Custom guide for learning a 1D Gaussian distribution

Hey all,

I am new to Pyro, and I am somewhat confused why this code does not work, i.e. what am I doing wrong in the guide function. The ELBO looks very volatile, and the resulting estimates for the distribution of sigma are off.

import torch
import matplotlib.pyplot as plt

import pyro
from torch.distributions import constraints
import pyro.distributions as dist
import pyro.optim as optim
from pyro.infer import SVI, Trace_ELBO


true_mu = torch.Tensor([2])
true_sigma = torch.Tensor([1])

# generate data
data = pyro.distributions.Normal(true_mu, true_sigma).sample(torch.Size([20])).squeeze()

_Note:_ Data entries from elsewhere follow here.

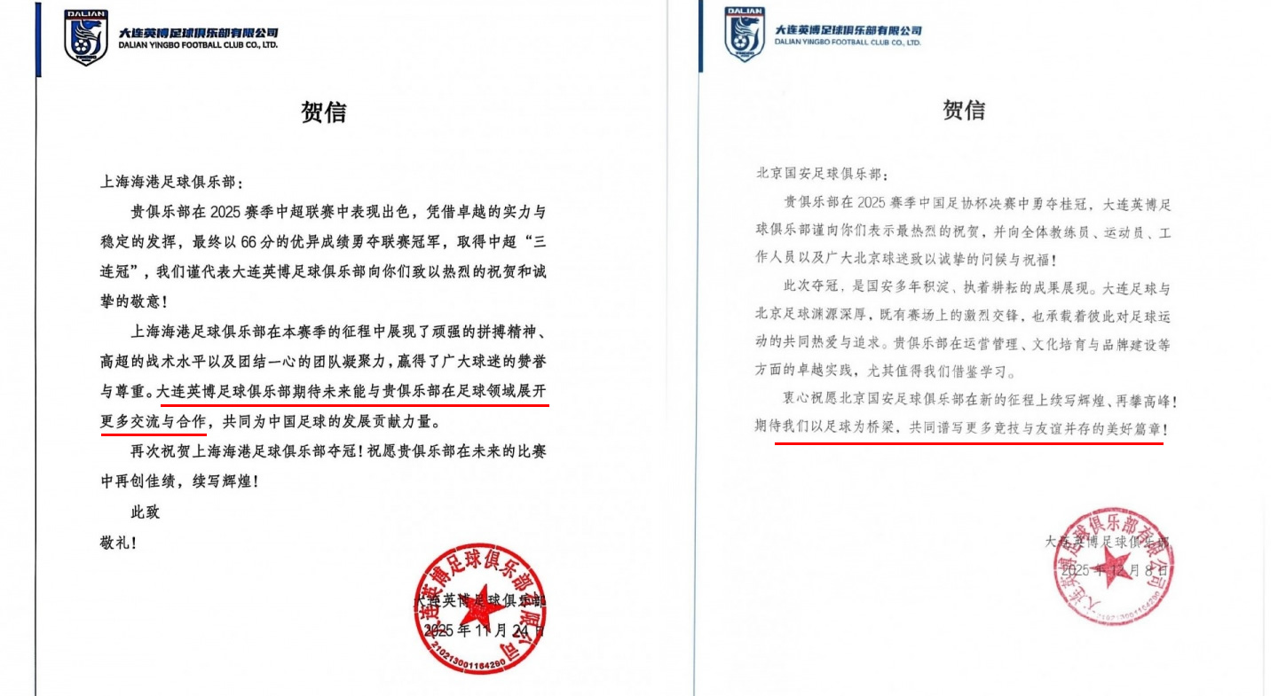 对于上港,贺电中表示希望双方俱乐部未来在足球领域展开更多的合作交流。刘祝润从海港租借到大连英博表现不错,这应该也是大连英博重点提及这点的原因。对于北京国安,贺电中则重点谈及双方的友谊,表示希望双方以足球为桥梁,共同谱写竞技和友谊并存的美好篇章。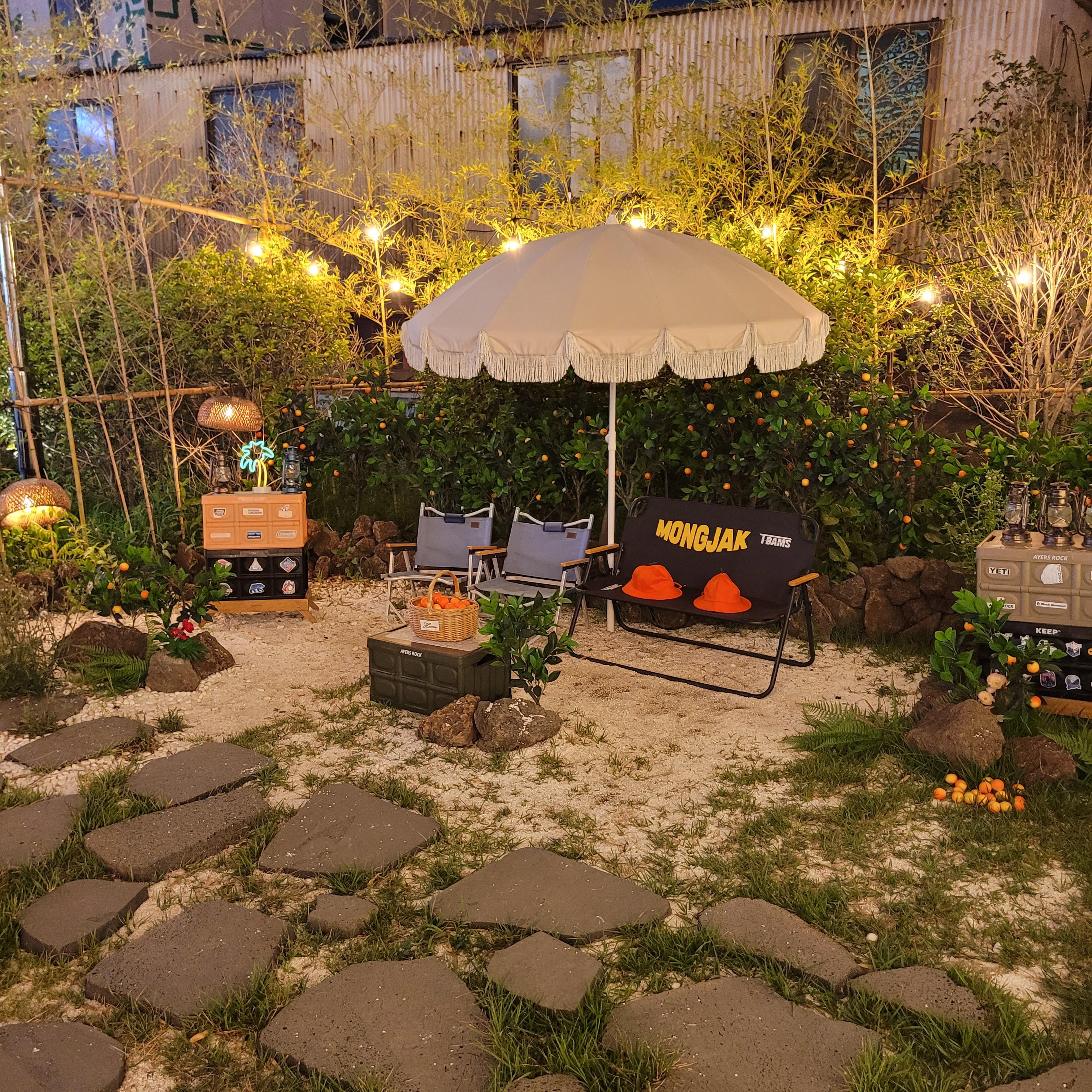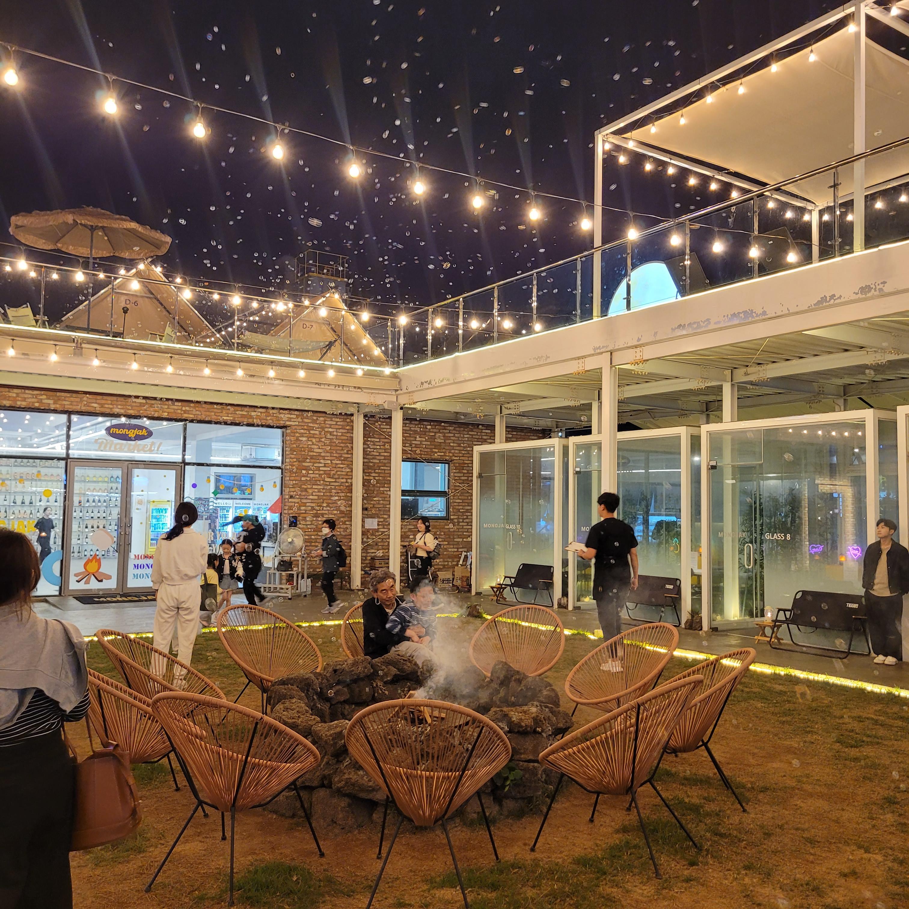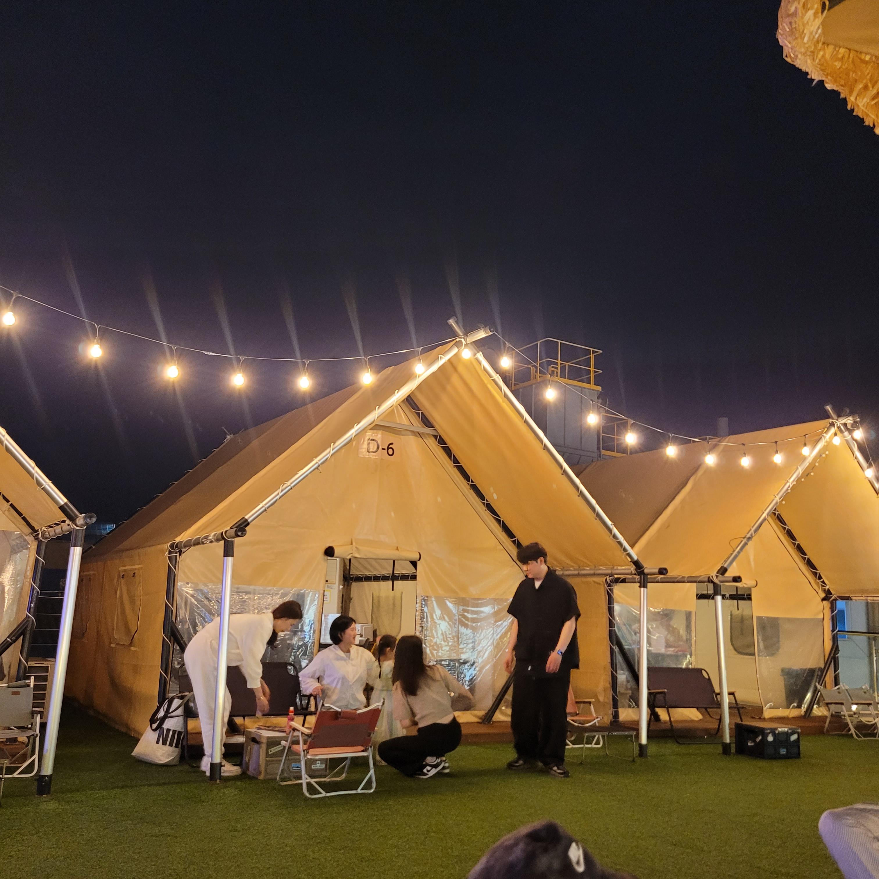 안에 냉장고, 에어컨, 블루투스 스피커 등등 글램핑 컨셉의 제품들이 가득하여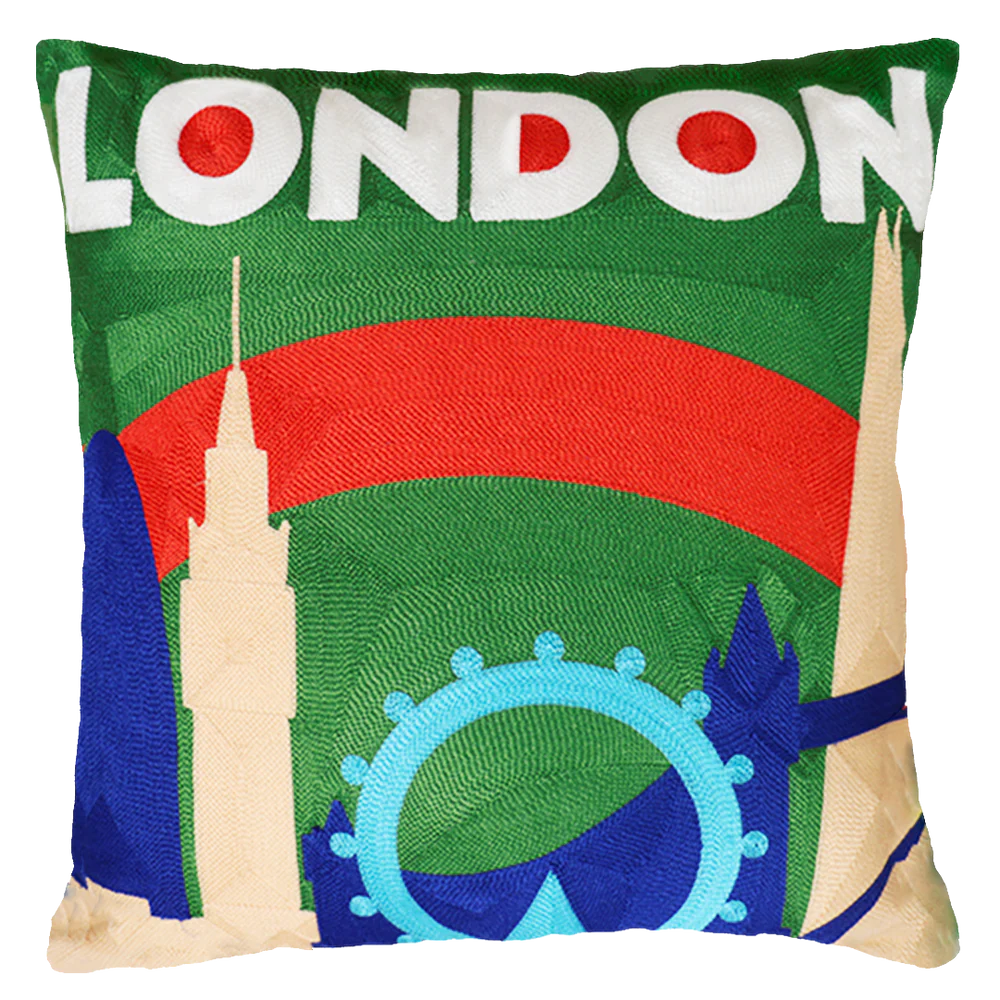 - Showcasing an iconic London skyline in vibrant needlepoint, this cushion captures British charm and cosmopolitan style, perfect for travel lovers and city‑inspired interiors. It has a luxurious blue velvet back that complements the bold stitched design on the front. It is reversible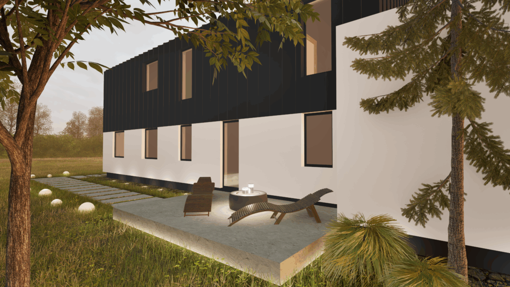 Przestronny taras na piętrze to dodatkowa przestrzeń życiowa – idealna na poranną kawę w promieniach słońca czy letnie wieczory pod gwiazdami.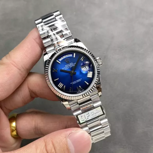 QF공장 롤렉스 데이데이트 36 청판 다이얼 화이트 골드 금통 128236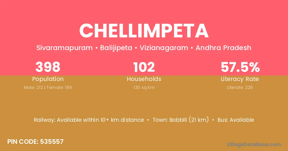 Bobbili (21 km) is the nearest town to Chellimpeta village for major economic activities and is located approximately 21 km away.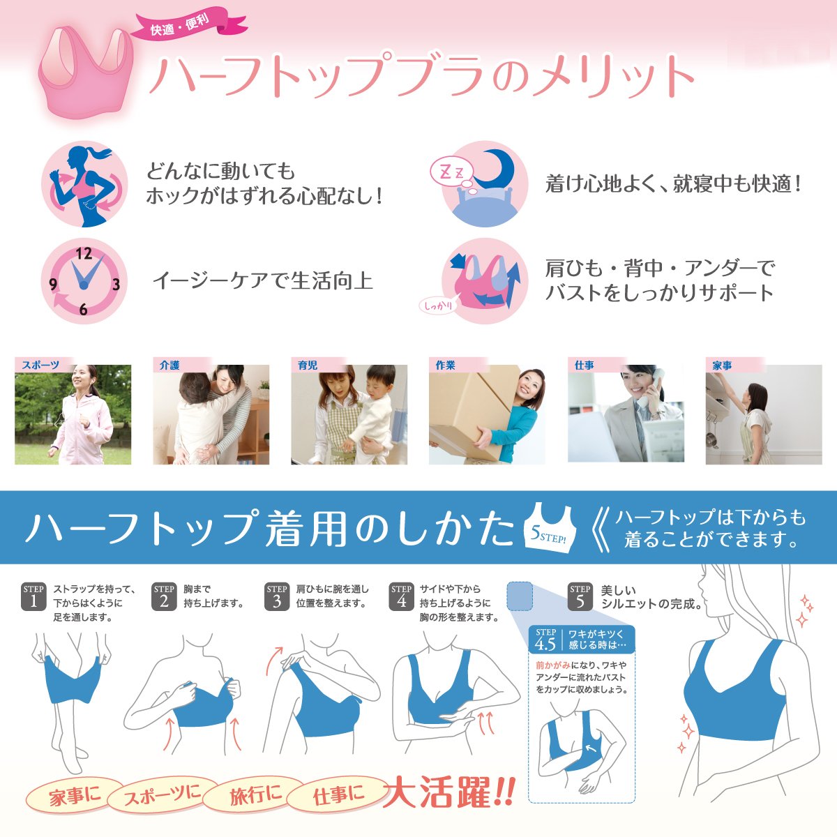 [Bust]: M: 79 to 87 cm, L: 86 to 94 cm, LL: 93 to 101 cm, 3 L: 100 to 108 cm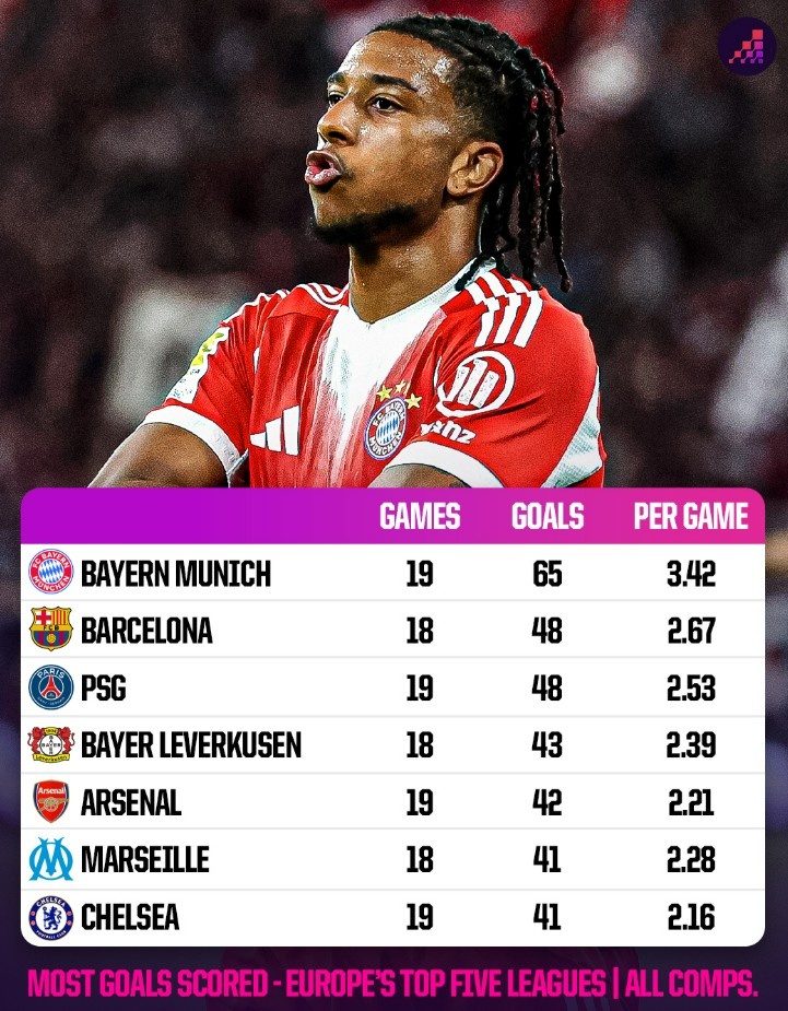 11月27日讯 数据网站OPTA盘点了本赛季欧洲五大联赛球队在各项赛事总进球榜,具体如下:1、拜仁 19场65球,场均3.42球2、巴萨 18场48球,场均2.67球3、巴黎 19场48球,场均2.53球4、勒沃库森 18场43球,场均2.39球5、阿森纳 19场42球,场均2.21球6、马赛 18场41球,场均2.28球7、切尔西 19场41球,场均2.16球

# specification of the data generating process
def model(data):
    mu = pyro.sample("mu", dist.Normal(torch.zeros(1), torch.ones(1)))
    sigma = pyro.sample("sigma", dist.LogNormal(torch.zeros(1), torch.ones(1)))

    with pyro.plate("data", len(data)):
        pyro.sample("obs", dist.Normal(mu, sigma), obs=data)

def guide(data):
    mu_loc = pyro.param('mu_loc',torch.tensor(0.))
    mu_scale = pyro.param('mu_scale', torch.tensor(1.), constraint=constraints.positive)
    sigma_loc = pyro.param('sigma_loc', torch.tensor(0.))
    sigma_scale = pyro.param('sigma_scale', torch.tensor(1.), constraint=constraints.positive)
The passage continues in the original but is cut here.